After the CIA, Wilder had worked for Lockheed, General Electric and RCA before going into the comics business full-time.
Parker wanted to devote more time to "Wizard of Id," and Rechin and Wilder hit if off and bought out Parker's interest in "Crock."
In 1989, Rechin moved to Spotsylvania, and Wilder soon followed. The two men have always been close, and their wives were best friends.
In 1983, the National Cartoonist Society nominated "Crock" as America's best humor strip, along with "Doonesbury" and "Garfield." "Garfield" won. When Rechin got home from the awards banquet, he found a Garfield doll hanging in effigy in front of his house. A note read: "Dear Dad--We hung this little sucker nine times."

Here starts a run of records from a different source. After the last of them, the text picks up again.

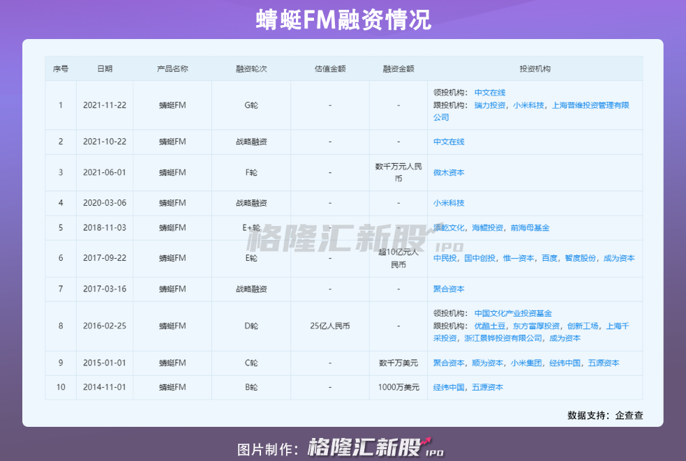 蜻蜓FM成立于2011年,是中国首家网络音频平台,迄今共完成10轮融资。
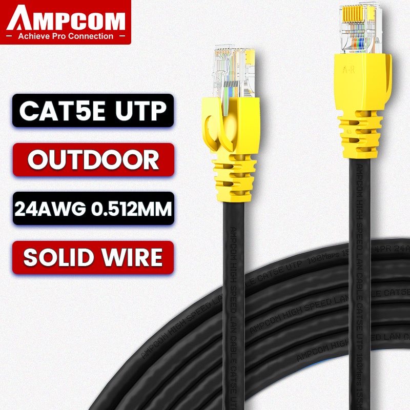 AMPCOM CAT6 Outdoor Ethernet Patch Cable, High-Speed UTP 0.57mm Oxygen-Free Copper Network Jumper RJ45, Custom Network Cable For Outdoor Projects
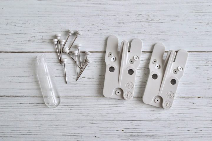 壁に直接取り付けるときに心配なのが、「穴問題」。フックのパーツを小さなピンで取り付けます(1つにつきピン5つ)。

In the late '80s, President Ronald Reagan honored Rechin and Wilder during a ceremony in the Rose Garden at the White House.
But Grace said political correctness has made it much harder to be funny lately.
"Crock" is a strip about the military written by white men in an era when many newspaper editors are looking for material about families and children done by women and minorities.
Grace said doing a comic strip today can be difficult because women readers want women characters, but don't want those female characters to be the butt of jokes.
"Crock," he said, is about "misfits and losers out in the middle of the desert."
But, he said, people don't like it when you make a woman a "misfit" or "loser."
Grace said he loves the strip, but thinks his favorite "Crock" character, Grossie, probably bothers some women readers.
Grace has a similar problem with Effie, a funny female character in his own strip.
"I'm just trying to say it's very difficult doing a politically incorrect strip," Grace said. "But we try to break out, we try to break through those barriers."
Rechin said: "I've never felt threatened by anything like that. You have to make the characters work with the gag."
He said there's been only one complaint about Grossie, from an obese female reader.
"She wanted Grossie to go on a diet, and that's just not gonna happen," Rechin said with a chuckle.
Still, Wilder said, cartoonists do feel pressure to make women and minority characters smarter, "and have them get the best of things."
He said Grossie's husband, Maggot, is the butt of jokes more often than she is.
"We're trying to work both ways and not patronize women--point out the good and bad things."
Rechin said he sees Grossie as the strongest character in the strip.
"She comes in and solves problems the men can't," he said.
"And at the same time, she's making hamburger hash and thinking she's the best cook in the world."
Rechin said it's important to avoid overanalyzing things and remember that the work is published on what used to be called "the funny pages."
"We have this whole little world we've created," he said.
He said he draws the angst-ridden Trooper Figowitz, "and I look at him and he looks up at me from the paper--and I laugh at that."